◆ ASSIGNMENT
Give all of the data below again exactly, and drop the images.

◆ RECORDED DATA
Segment Open

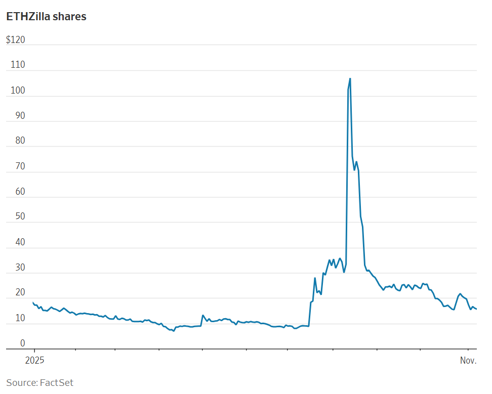 这曾是今年大半年里的 「首选交易」:卖出股票或借款,再将资金大举投入比特币、以太坊及其他加密货币。投资者推高了这些 「加密货币财库公司」 的股价,将其视为放大波动剧烈的加密货币市场押注收益的工具。
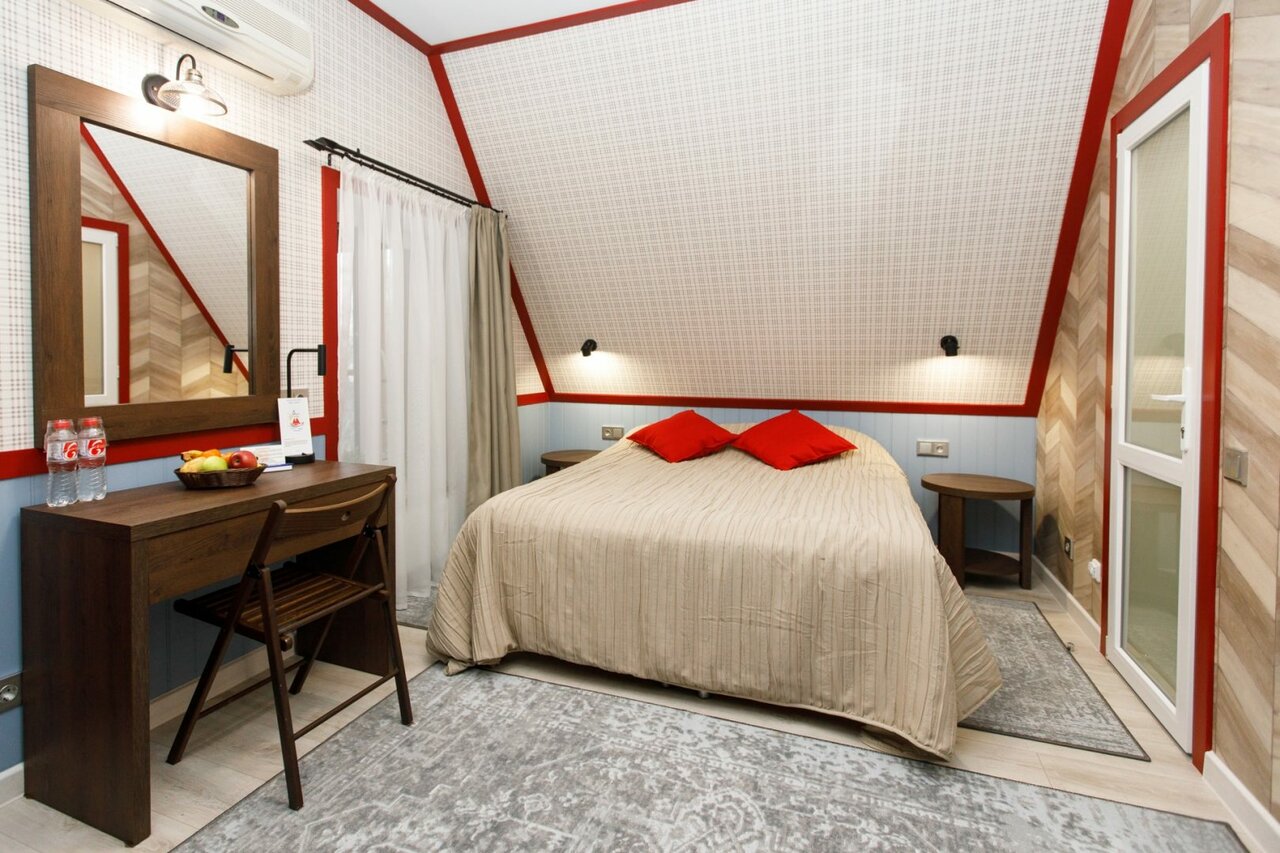 Удобства: — Номера с кондиционером, Wi-Fi, TV, санузлом; — 2 ресторана, 3 бара, кафе, банкетный зал; — Детская анимация, площадка, бассейн; — Бесплатная парковка, камера хранения; — Прокат лодок, катание на квадроциклах, рыбалка.
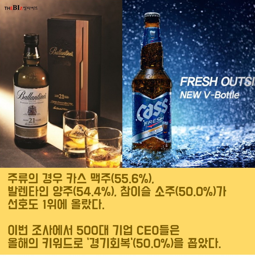 주류의 경우 카스 맥주(55.6%), 발렌타인 양주(54.4%), 참이슬 소주(50.0%)가 선호도 1위에 올랐다.

Segment Closed

◆ TASK ANSWER
 这曾是今年大半年里的 「首选交易」:卖出股票或借款,再将资金大举投入比特币、以太坊及其他加密货币。投资者推高了这些 「加密货币财库公司」 的股价,将其视为放大波动剧烈的加密货币市场押注收益的工具。
 Удобства: — Номера с кондиционером, Wi-Fi, TV, санузлом; — 2 ресторана, 3 бара, кафе, банкетный зал; — Детская анимация, площадка, бассейн; — Бесплатная парковка, камера хранения; — Прокат лодок, катание на квадроциклах, рыбалка.
 주류의 경우 카스 맥주(55.6%), 발렌타인 양주(54.4%), 참이슬 소주(50.0%)가 선호도 1위에 올랐다.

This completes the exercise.